## TASK DESCRIPTION
Your copy should contain exactly the lines from the one that holds "[세종특별자치시청 자치행정과] 제13회" through the end of the material, reproduced as written, with no pictures.
§
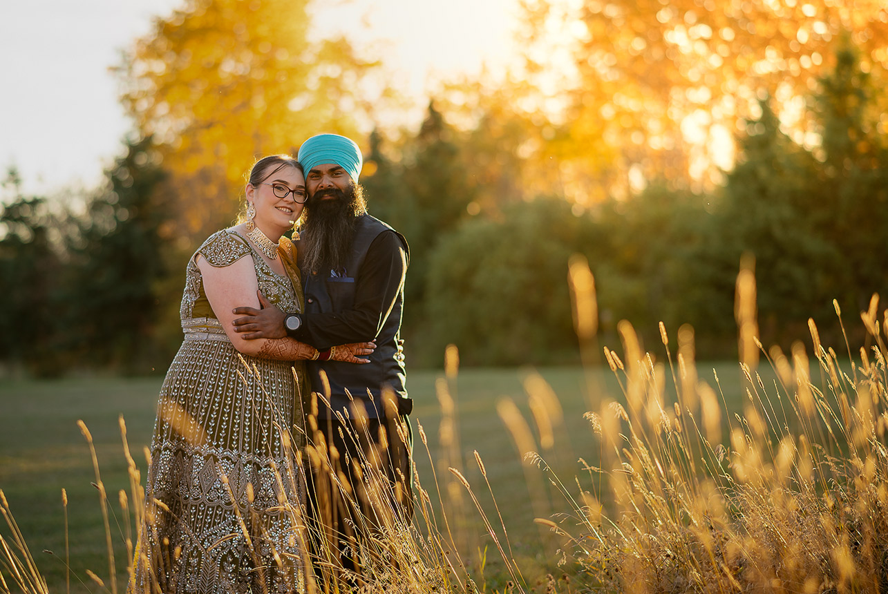 As the sun dipped below the horizon, Emma and Gagandeep shared intimate golden hour portraits in the wild grass fields, their love illuminated by Edmonton’s soft, glowing light. Their wedding was a perfect fusion of cultures, traditions, and timeless memories, beautifully captured from start to finish.
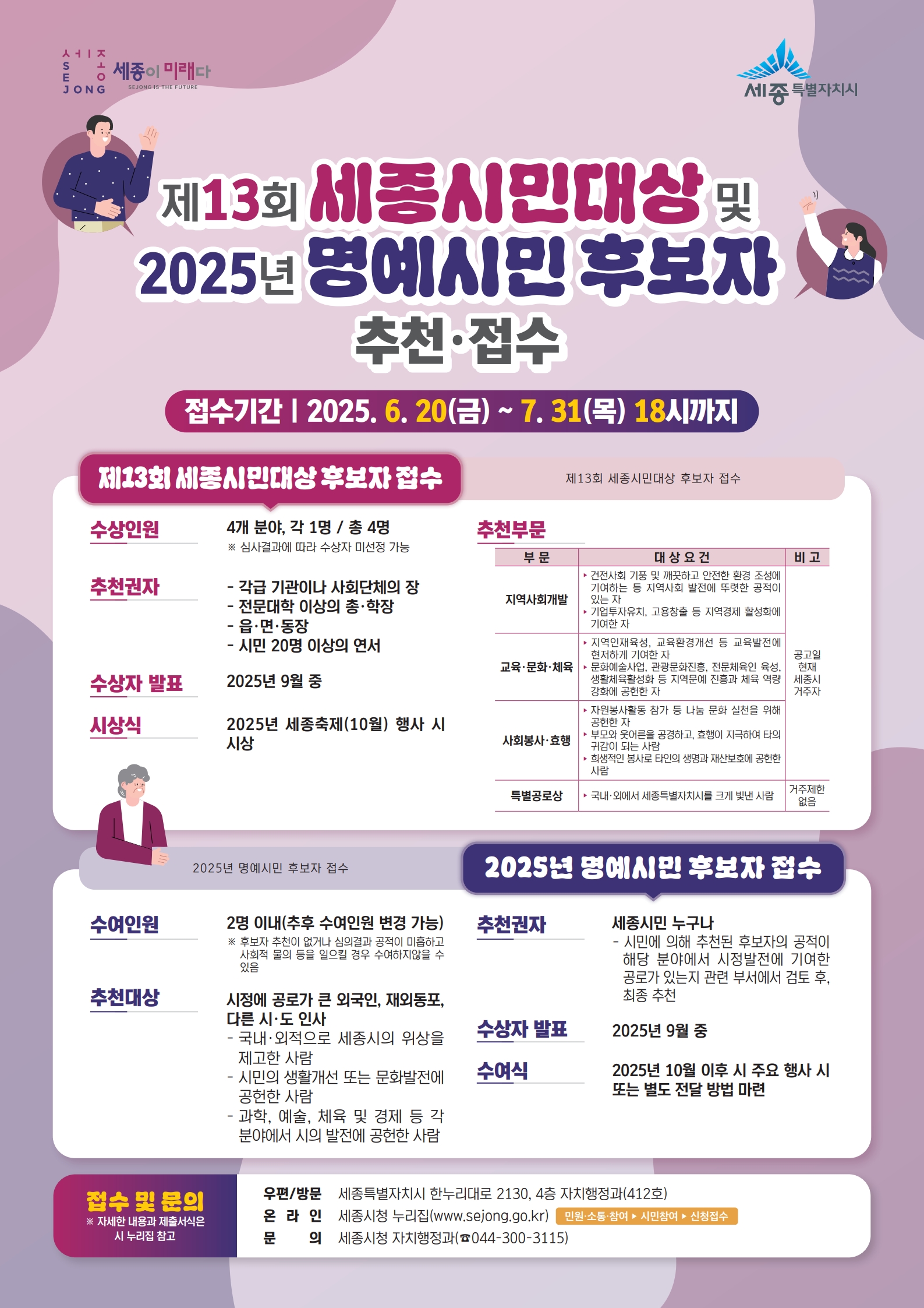 [세종특별자치시청 자치행정과] 제13회 세종시민대상 및 2025년 명예시민 후보자 추천·홍보 요청
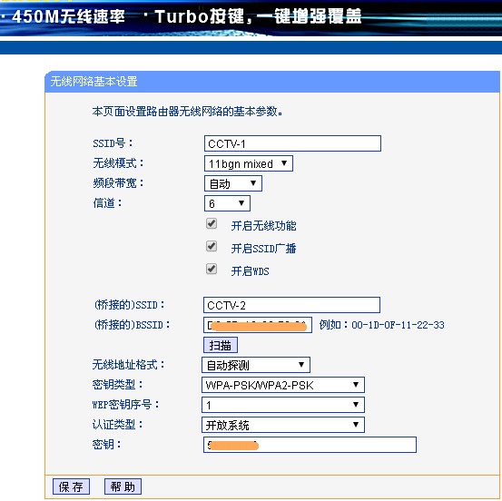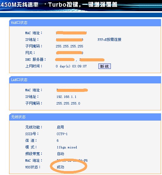 于是开始桥接,450M肯定做主路由啊,54M做副。网上资料比较乱,写什么的都有,大多是要两个路由一样,都要求开WDS。咱们买新路由的都会空出一个老路由,谁还买两个新的啊。
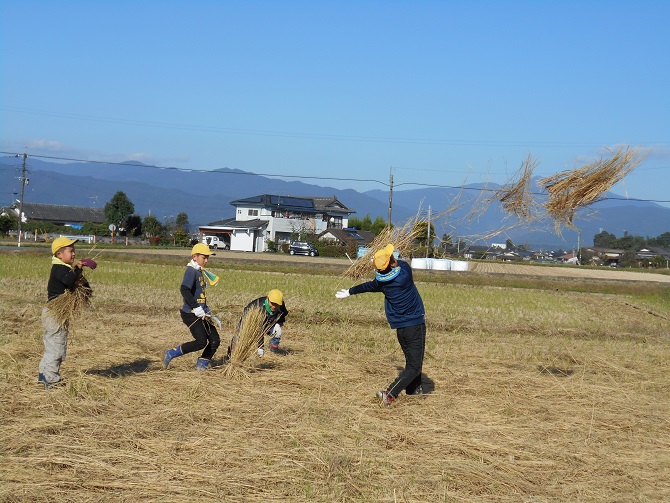 脱穀し終わった稲わらを、田んぼにばらまいて終わりです。
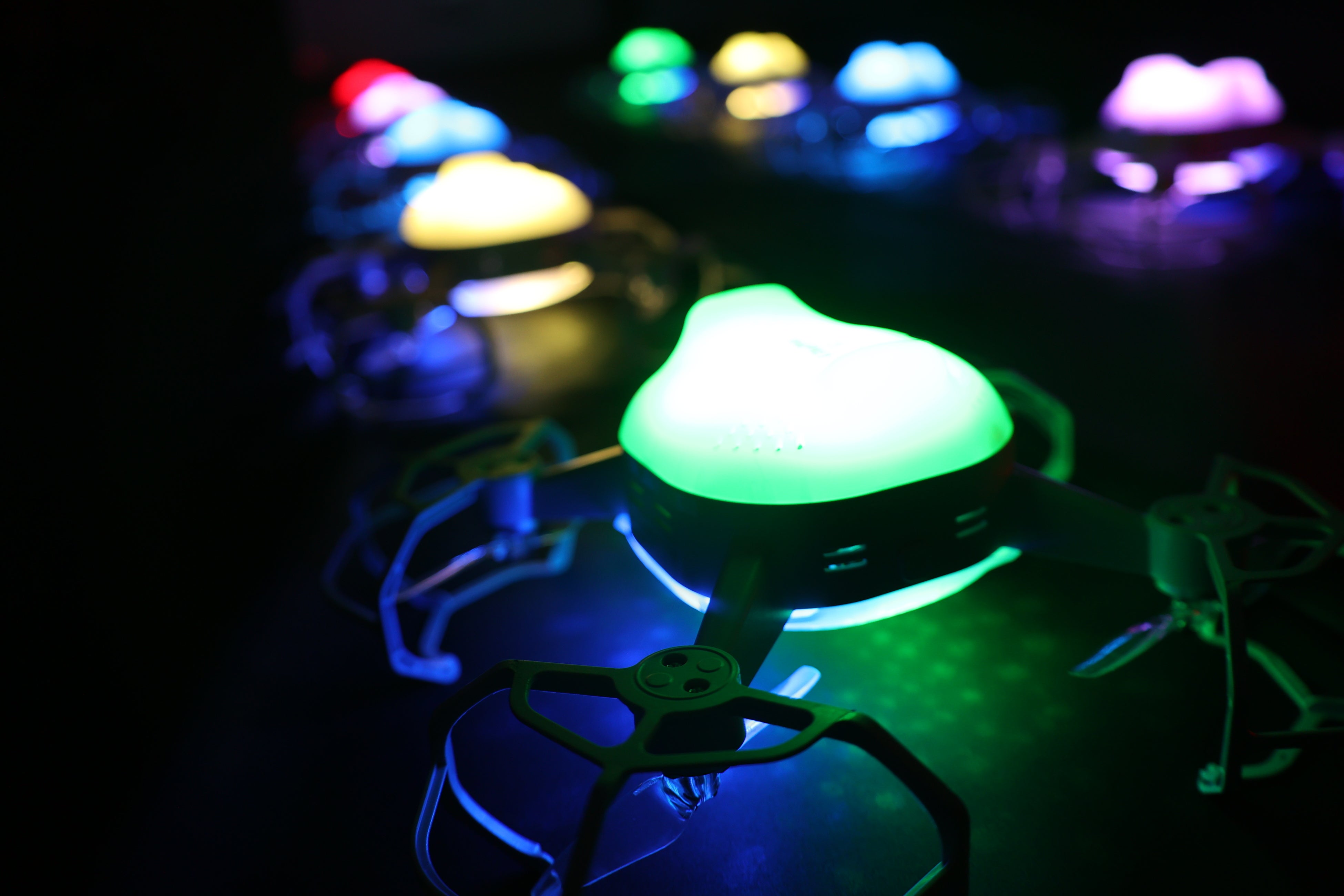 インドアドローンショーの魅力は天候のリスクがない点やコストだけではありません。インドアドローンショーは音楽との相性がよく、歌やダンスなどほかのエンターテインメントとも組み合わせることができます。また航空法など法律の規制を受けないため、準備~実施まで短期間で行うことが可能です。ほかにも小さなスペースで開催できる点など、屋外のドローンショーにはないメリットや魅力がたくさんあります。
§
## ANSWER SECTION
 [세종특별자치시청 자치행정과] 제13회 세종시민대상 및 2025년 명예시민 후보자 추천·홍보 요청
 于是开始桥接,450M肯定做主路由啊,54M做副。网上资料比较乱,写什么的都有,大多是要两个路由一样,都要求开WDS。咱们买新路由的都会空出一个老路由,谁还买两个新的啊。
 脱穀し終わった稲わらを、田んぼにばらまいて終わりです。
 インドアドローンショーの魅力は天候のリスクがない点やコストだけではありません。インドアドローンショーは音楽との相性がよく、歌やダンスなどほかのエンターテインメントとも組み合わせることができます。また航空法など法律の規制を受けないため、準備~実施まで短期間で行うことが可能です。ほかにも小さなスペースで開催できる点など、屋外のドローンショーにはないメリットや魅力がたくさんあります。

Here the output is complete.